On the number of subgroups of semidirect product

Question

Let $G=H\rtimes K$ be the semidirect product of the normal subgroup $H$ and the subgroup $K$. Let $D$ be a subgroup of $G$ such that $K\le D$. Does $D= (D\cap H)\rtimes K$?.

I believe that is true, so under this resut, does the number of subgroups of $G$ containing $K$ is the number of normal subgroups of $H$.

Thank you all.

Answer 1

Suppose that $G = HK$ for some subgroups $H$ and $K$, where $H \cap K = 1$ and $H \trianglelefteq G$.

Here are steps for the solution of the exercise:

• If $D$ is a subgroup of $G$ such that $K \leq D$, show that $D = (H \cap D)K$.
• Conclude that any subgroup of $G$ containing $K$ is of the form $D = H_0K$ for some $H_0 \leq H$.
• Let $H_0 \leq H$. Show that $H_0K$ is a subgroup of $G$ if and only if $kH_0k^{-1} = H_0$ for all $k \in K$.

So the number of subgroups of $G$ containing $K$ is precisely the number of subgroups of $H$ that are normalized by $K$.

In general this might not have that much to do with the normal subgroups of $H$.

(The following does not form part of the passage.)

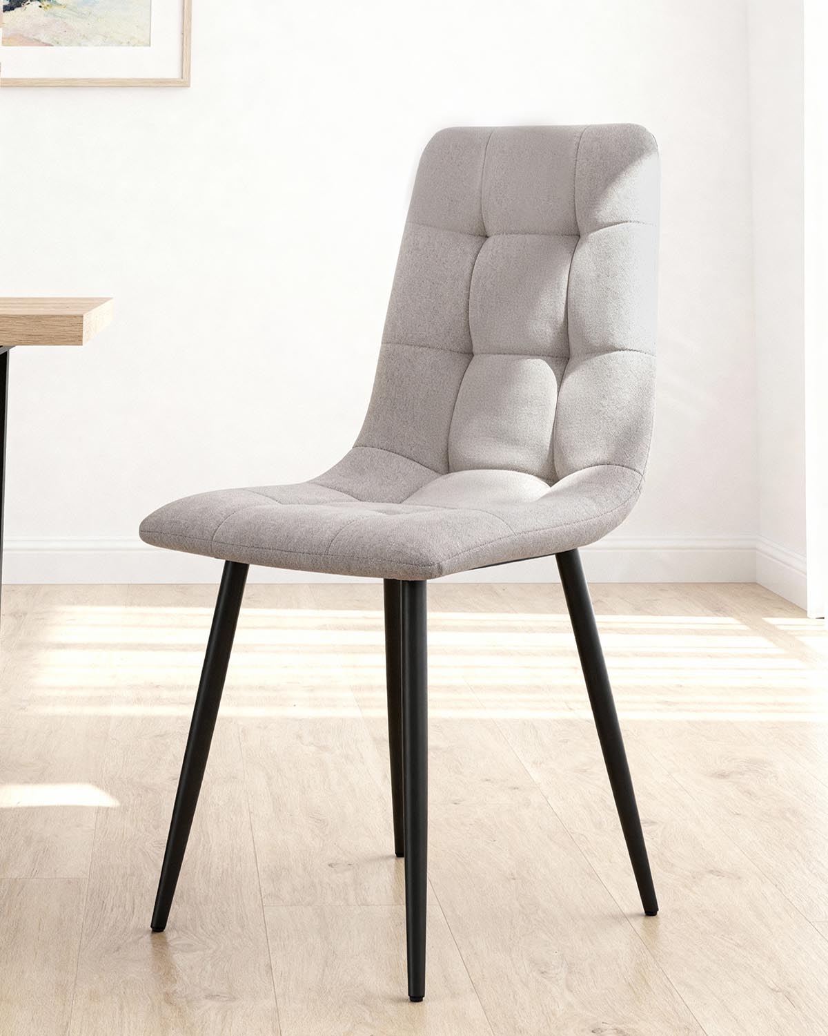 - Silla comedor tapizada en tela Shanna Gris claro combina diseño funcional y estética actual, convirtiéndose en una opción práctica para el comedor o la cocina. El acabado en gris claro refuerza la sensación de luminosidad y versatilidad en la estancia. Su carácter atemporal permite integrarla en distintos conjuntos de comedor o utilizarla como asiento auxiliar en otras estancias. Pensada para el día a día, combina confort y facilidad de limpieza sin perder presencia decorativa. Fabricada en tela, ofrece resistencia y un mantenimiento sencillo, el asiento ergonómico asegura comodidad durante las comidas, la base en metal garantiza estabilidad y aporta un toque contemporáneo y la estructura soporta hasta 135 kg, lo que la convierte en una pieza duradera. Un diseño versátil que se integra en ambientes modernos, nórdicos o minimalistas, ideal para completar el espacio con estilo y practicidad.

Just to give an example, consider $G = H \rtimes K$ for $H = S_n$ and $K = \langle \phi \rangle$, where $\phi$ is an inner automorphism of $H$ acting by conjugation with a transposition. There are not too many normal subgroups of $H$, but there are a quite a few subgroups of $H$ normalized by $\phi$.